Music elicits a visceral reaction, especially music that falls under the broad umbrella of pop and rock. It’s loud and raucous, meant to get you out of your seat and to irritate your parents. Whether it’s the beat, the melody or some sick guitar shredding, something flips our normal mode of operation as our intellect and ego become subservient to our ID. So it’s understandable if the idea of quietly reading a book about this music seems too tame. But books about our pop and rock icons can be as thrilling as they are interesting. They provide a window into the craft of the music, but also the cultural moment it was created in. With decades of quality writing on pop music, a comprehensive list of the best this genre has to offer would be insurmountable. Instead, and in the creative spirit of music itself, I offer you a highly subjective list of recommendations of books that I’ve either read and loved or that linger tantalizingly on my “To Be Read” shelf.
Music fans can develop strong feelings about their favorite bands, and music collectors can get downright obsessive. “Do Not Sell at Any Price” explores the subculture of 78 rpm record collecting. Amanda Petrusich’s book evokes the thrill of the hunt for these collectors while also broadening the discussion to cultural appropriation and the romanticization of history.
The books “Last Train to Memphis” and “Careless Love” are Peter Guralnick’s effort to capture the true story of a man who has been heavily mythologized (I mean, can we be sure Elvis is dead?). The first book covers Elvis’s upbringing and rise to fame. The second begins with his return from the Korean War and the gradual decline of his health and popularity in the following decades.
Much like the King, The Godfather of Soul is another legend that laid the foundation for popular music and who deserves at least a two-book recommendation. In “Kill ’em and Leave” James McBride sets off to better understand the personal, musical, and societal influences that created the complicated genius of James Brown. “The Hardest Working Man: How James Brown Saved the Soul of America” focuses on a the night Brown was scheduled to perform in Boston Garden hours after Martin Luther King Jr. was assassinated. Riots were breaking out across America and Brown clashed with the Mayor of Boston to let the show go on. The legendary concert ended up being broadcast on live television.
In “Good Booty,” veteran rock critic Ann Powers has written a sweeping history of American popular music that analyses the intersection of gender, sex and race in the music. The friction caused by these juxtaposed elements is both an influence on the music and a reflection of broader American culture.

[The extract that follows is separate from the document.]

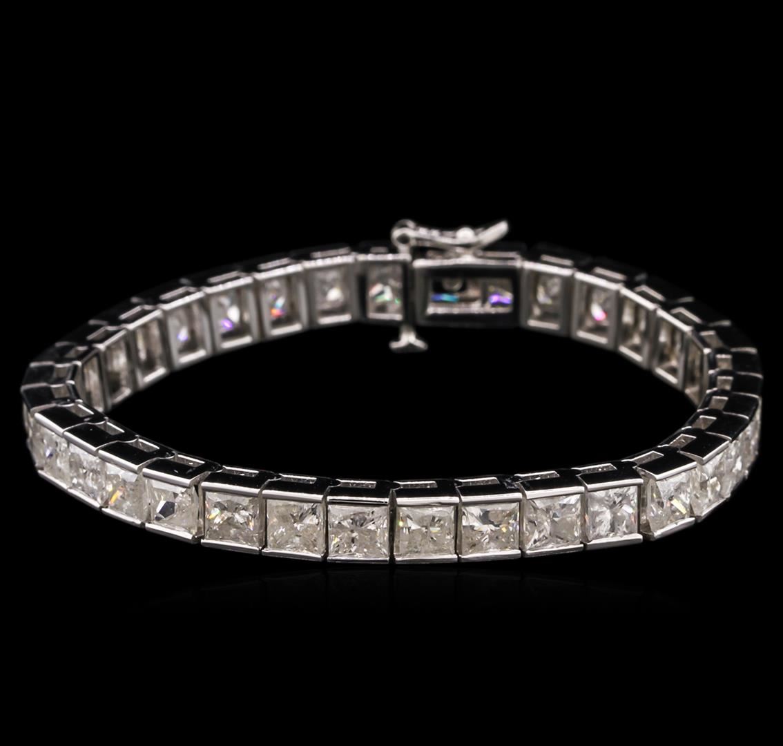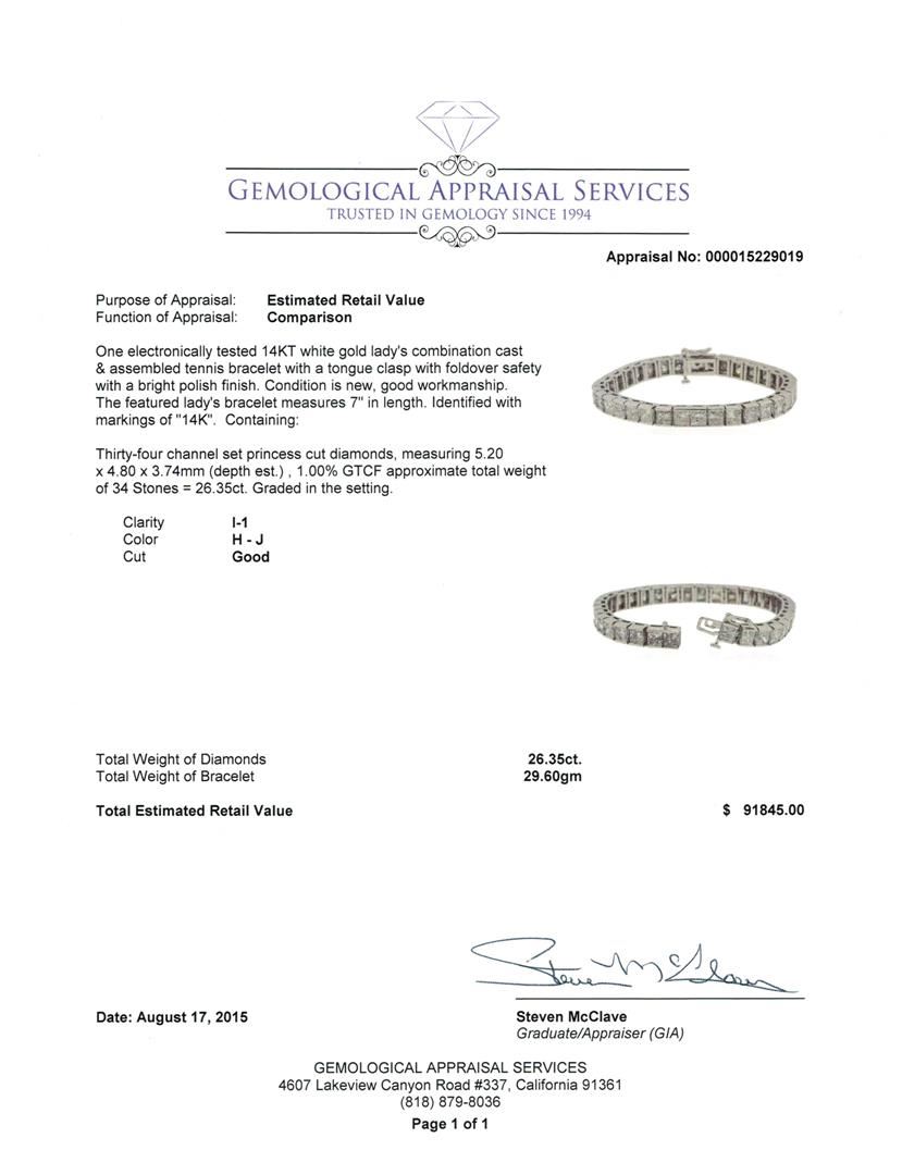 One electronically tested 14KT white gold lady's combination cast & assembled tennis bracelet with a tongue clasp with fold over safety with a bright polish finish. The featured lady's bracelet measures 7" in length. Identified with markings of "14K". Condition is new, good workmanship. Containing: Thirty-Four channel set princess cut diamonds, measuring 5.20 x 4.80 x 3.74mm (depth est.) , 1.00.% GTCF approximate total weight of 34 Stones = 26.35ct. Graded in the setting. Clarity: I-1. Color: H - Good. Total Weight of Diamonds 26.35ct. Total Weight of Bracelet 29.60gm. GAS Appraised at $91,845.00.
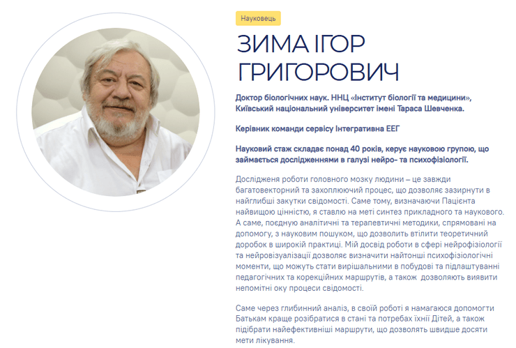 Игорь Зима — доктор биологических наук. Имел более 40 лет научного стажа и преподавал в "Институте биологии и медицины" Киевского национального университета имени Тараса Шевченко. Он руководил научной группой, занимающейся исследованиями в области нейро- и психофизиологии.

The formation and evolution of hip-hop makes for fascinating and entertaining reading. “Can’t Stop, Won’t Stop” captures that entertaining story while also providing a social history of the genre that reveals the interplay between race, economic conditions, politics and the music itself.
The period from 1973 and 1977 in New York City is significant in the formation of Hip-Hop. In “Love Goes to Buildings on Fire” Will Hermes focuses of that five year period and the dire social conditions that created an opportunity for artists to flourish in the city. Although the time frame is narrow, the scope is wide, discussing artists as diverse as Philip Glass, Bruce Springsteen, Patti Smith, the Talking Heads (the source of the book’s title), Lou Reed, Celia Cruz, Miles Davis and Grandmaster Flash.
In “Strange Stars,” Jason Heller makes the compelling argument that science fiction isn’t just a genre for awkward, lonely nerds, but charismatic rock stars, funkateers and jazz legends. Starting in 1969 with the moon landing and David Bowie’s hit “Space Oddity” Heller goes on to track the influence of science fiction books and movies on the music of the ‘70s. The disco version of the Star Wars theme even makes an appearance. Space is the place.
As with so many other aspects of our society, the role of women in pop and rock music is either underappreciated or ignored. “Cinderella’s Big Score” introduces the women instrumental in shaping punk and indie music. Despite the perception that the music scenes are progressive bastions, these women had to carve out spaces for themselves in an exclusionary environment. Author Maria Raha discusses the hurdles they had to overcome, celebrates their contributions and lets them tell their stories.